RECORDS SHOWN:
---*---

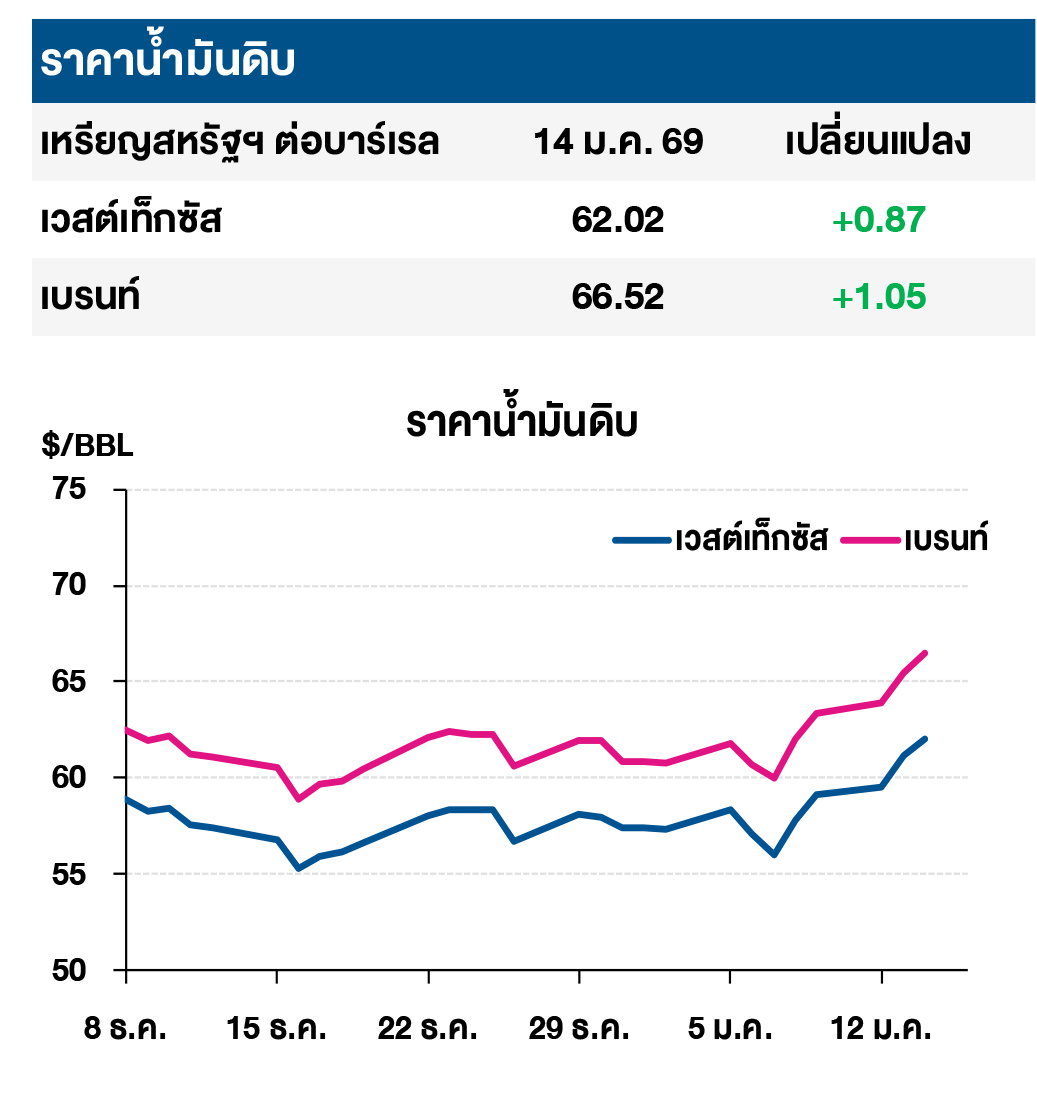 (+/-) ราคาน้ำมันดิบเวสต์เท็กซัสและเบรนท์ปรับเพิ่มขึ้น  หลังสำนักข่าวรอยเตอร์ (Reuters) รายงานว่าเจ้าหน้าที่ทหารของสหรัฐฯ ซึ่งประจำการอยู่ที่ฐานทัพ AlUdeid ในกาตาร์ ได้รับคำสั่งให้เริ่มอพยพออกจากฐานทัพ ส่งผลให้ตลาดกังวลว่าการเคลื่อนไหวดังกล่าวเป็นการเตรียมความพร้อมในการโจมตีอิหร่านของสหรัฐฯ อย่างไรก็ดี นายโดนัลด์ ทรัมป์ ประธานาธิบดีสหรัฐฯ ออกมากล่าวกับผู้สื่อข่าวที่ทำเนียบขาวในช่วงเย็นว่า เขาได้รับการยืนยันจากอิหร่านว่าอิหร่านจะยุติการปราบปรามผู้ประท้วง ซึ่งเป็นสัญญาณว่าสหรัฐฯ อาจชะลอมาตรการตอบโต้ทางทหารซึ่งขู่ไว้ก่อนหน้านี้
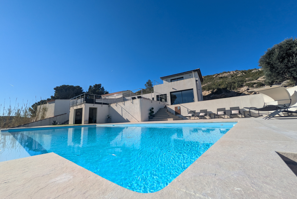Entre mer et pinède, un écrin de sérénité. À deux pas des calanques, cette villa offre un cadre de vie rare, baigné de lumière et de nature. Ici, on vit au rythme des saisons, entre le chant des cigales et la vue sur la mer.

---*---

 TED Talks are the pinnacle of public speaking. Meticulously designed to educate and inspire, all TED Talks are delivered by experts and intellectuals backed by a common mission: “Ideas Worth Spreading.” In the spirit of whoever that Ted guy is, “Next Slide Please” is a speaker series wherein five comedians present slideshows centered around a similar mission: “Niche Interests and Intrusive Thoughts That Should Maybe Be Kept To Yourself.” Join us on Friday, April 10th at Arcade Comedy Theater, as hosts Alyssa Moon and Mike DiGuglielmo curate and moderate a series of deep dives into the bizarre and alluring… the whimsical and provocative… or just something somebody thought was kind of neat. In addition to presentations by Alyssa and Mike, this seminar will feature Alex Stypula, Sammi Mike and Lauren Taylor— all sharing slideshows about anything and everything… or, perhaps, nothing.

---*---

WORK INSTRUCTION:
For this exercise, transcribe exactly the part of the records above that opens with the line containing "ซึ่งประจำการอยู่ที่ฐานทัพ AlUdeid ในกาตาร์" and closes with the one containing "Entre mer et". Pictures are not part of the copy.

RESULT OF THIS TASK:
 (+/-) ราคาน้ำมันดิบเวสต์เท็กซัสและเบรนท์ปรับเพิ่มขึ้น  หลังสำนักข่าวรอยเตอร์ (Reuters) รายงานว่าเจ้าหน้าที่ทหารของสหรัฐฯ ซึ่งประจำการอยู่ที่ฐานทัพ AlUdeid ในกาตาร์ ได้รับคำสั่งให้เริ่มอพยพออกจากฐานทัพ ส่งผลให้ตลาดกังวลว่าการเคลื่อนไหวดังกล่าวเป็นการเตรียมความพร้อมในการโจมตีอิหร่านของสหรัฐฯ อย่างไรก็ดี นายโดนัลด์ ทรัมป์ ประธานาธิบดีสหรัฐฯ ออกมากล่าวกับผู้สื่อข่าวที่ทำเนียบขาวในช่วงเย็นว่า เขาได้รับการยืนยันจากอิหร่านว่าอิหร่านจะยุติการปราบปรามผู้ประท้วง ซึ่งเป็นสัญญาณว่าสหรัฐฯ อาจชะลอมาตรการตอบโต้ทางทหารซึ่งขู่ไว้ก่อนหน้านี้
Entre mer et pinède, un écrin de sérénité. À deux pas des calanques, cette villa offre un cadre de vie rare, baigné de lumière et de nature. Ici, on vit au rythme des saisons, entre le chant des cigales et la vue sur la mer.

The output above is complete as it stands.